**Task objective:** Once the pictures are removed, reproduce what is left of the data below exactly.

**Supplied material:**
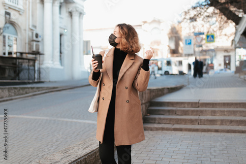 Millennial woman in mask with coffee to go
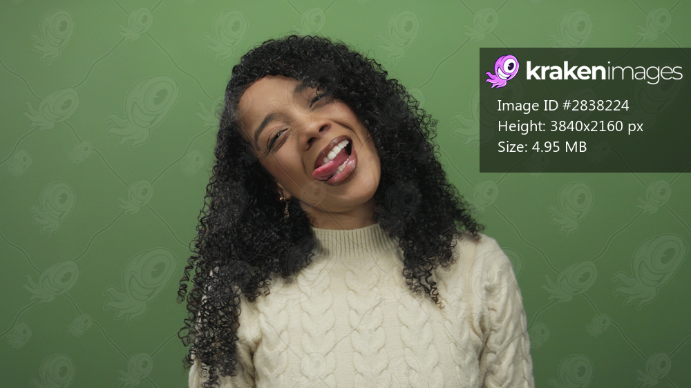 African american woman in cream cable knit sweater sticks her tongue out and squints eyes in studio; playfulness.
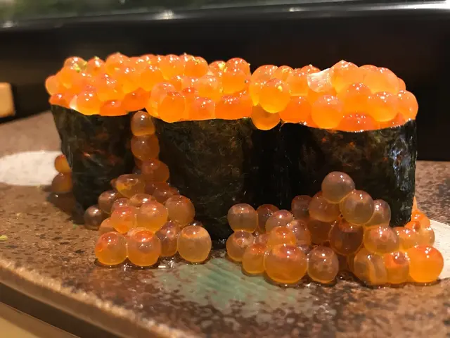 The first one I would like to introduce is this Ocean Sea Bass . It is also one of my favorite . Nodo - Guro Aka Rosy Seabass is hardly find in normal sushi shop and usually this luxurious piece would only being served in High- End Omakase shop .Hence , I was quite surprised when I saw this on the menu . No doubt , this fatty fleshy fish never disappoint me , it is super tempting! After being seared , it even added a touch of greasiness and its luscious content goes underneath your tongue for quite a long while ! Fish Roe ( 魚子軍艦)

**Exercise output:**
 Millennial woman in mask with coffee to go
 African american woman in cream cable knit sweater sticks her tongue out and squints eyes in studio; playfulness.
 The first one I would like to introduce is this Ocean Sea Bass . It is also one of my favorite . Nodo - Guro Aka Rosy Seabass is hardly find in normal sushi shop and usually this luxurious piece would only being served in High- End Omakase shop .Hence , I was quite surprised when I saw this on the menu . No doubt , this fatty fleshy fish never disappoint me , it is super tempting! After being seared , it even added a touch of greasiness and its luscious content goes underneath your tongue for quite a long while ! Fish Roe ( 魚子軍艦)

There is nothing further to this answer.